Voice of the Industry

Best practices in fighting fraud and reducing false declines

Friday 25 February 2022 13:45 CET | Editor: Simona Negru | Voice of the industry

Katarina Garai, EMEA Retail Loss Prevention Lead at SAS Institute, suggests why identification of genuine transactions is vital to a successful business nowadays and how to reduce false declines

Identification of genuine transactions and minimising false positives is a vital part of a successful business nowadays. One could even argue that this delicate balance can represent a difference between a market leader and an average, less successful player. First of all, why do false declines happen? Simply put, they happen whenever the transaction is flagged as potentially fraudulent, but in fact, it isn’t. The term false positive or false decline is a broad term that describes a situation in which a company’s fraud detection system triggers an alert, yet there’s actually no fraudulent activity taking place. This is very dangerous, as triggering unjustified alerts diminishes the value of real alerts. If you have too many false positives to investigate, it becomes an operational nightmare, and you most definitely will overlook real fraudulent attacks. There are also false negatives, which represent a fraudulent activity that is not being detected by the fraud detection system. Expectedly, the last category is formed by true positives, which is the category that represents successfully detected wrongdoing. The chart below provides a simple visual representation of these concepts.

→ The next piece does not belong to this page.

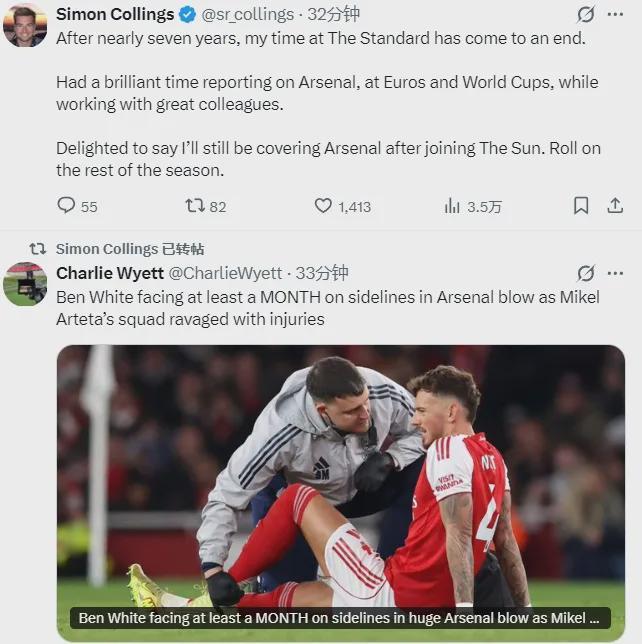伦敦晚旗报阿森纳方面记者SC发推确认,他已经从晚旗报跳槽到了太阳报,并且未来仍将报道阿森纳的新闻。

Distinction between true positives, false positives, true negatives, and false negatives. Graphic inspired by blog post: Click flooding detection and the false-positive challenge

False declines versus customer experience, satisfaction, and retention

Among younger demographics, in particular, digital channels are increasingly becoming the default shopping platform – anything that can’t be effortlessly done online is seen as a major inconvenience. False positives represent the bane of fraud investigators’ existence, the same way as increased volume of falsely declined transactions can represent the difference between a happy customer and a steadily rising slope of customer complaints, abandoned shopping carts, and decreasing ability of customer retention. 

So, let’s further see what the most effective strategies in designing an optimally functional fraud management system are, while ensuring the right balance between great customer experience and preventing fraud losses.

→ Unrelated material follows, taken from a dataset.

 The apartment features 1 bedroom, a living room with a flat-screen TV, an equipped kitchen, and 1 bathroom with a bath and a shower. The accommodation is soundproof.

Introducing AI and analytics 

By using effective machine learning strategies, companies can manage fraud and risk across the entire customer lifecycle without alienating good customers. AI/ML techniques can be utilised to build models that can analyse previous cases and separate out the behaviour patterns that are truly suspicious from the purely superficial anomalies. 

Traditional rules-based approaches to fraud detection are still useful but unequal to challenges of today’s highly digital world. They capture the patterns known to indicate possible fraud – and they’re relatively easy to understand. The other challenge is that fraudsters are constantly probing, and they are – in some cases – able to ‘guess’ the rules and avoid triggering alerts.

For example, in my personal experience, whenever we have introduced a monetary threshold into a fraud detection rule, such as ‘If the amount is EUR 5.000 or more, flag this transaction’, the fraudulent transaction was captured at EUR 5.000, but the fraudster then tries and succeeds at EUR 4.700, and has learned how to increase their odds of success. 

Through machine learning, we can implement large numbers of conditions, variables, and events into analytical models and detect patterns that would slip by the business rules and could never be noticed by a human investigator. The combination of machine learning models and business rules has proven to be much more effective at finding fraud than business rules alone. When we use combinations of machine learning methods – including some of the newer ones like random forest, gradient boosting, or deep learning – the models become extraordinarily accurate.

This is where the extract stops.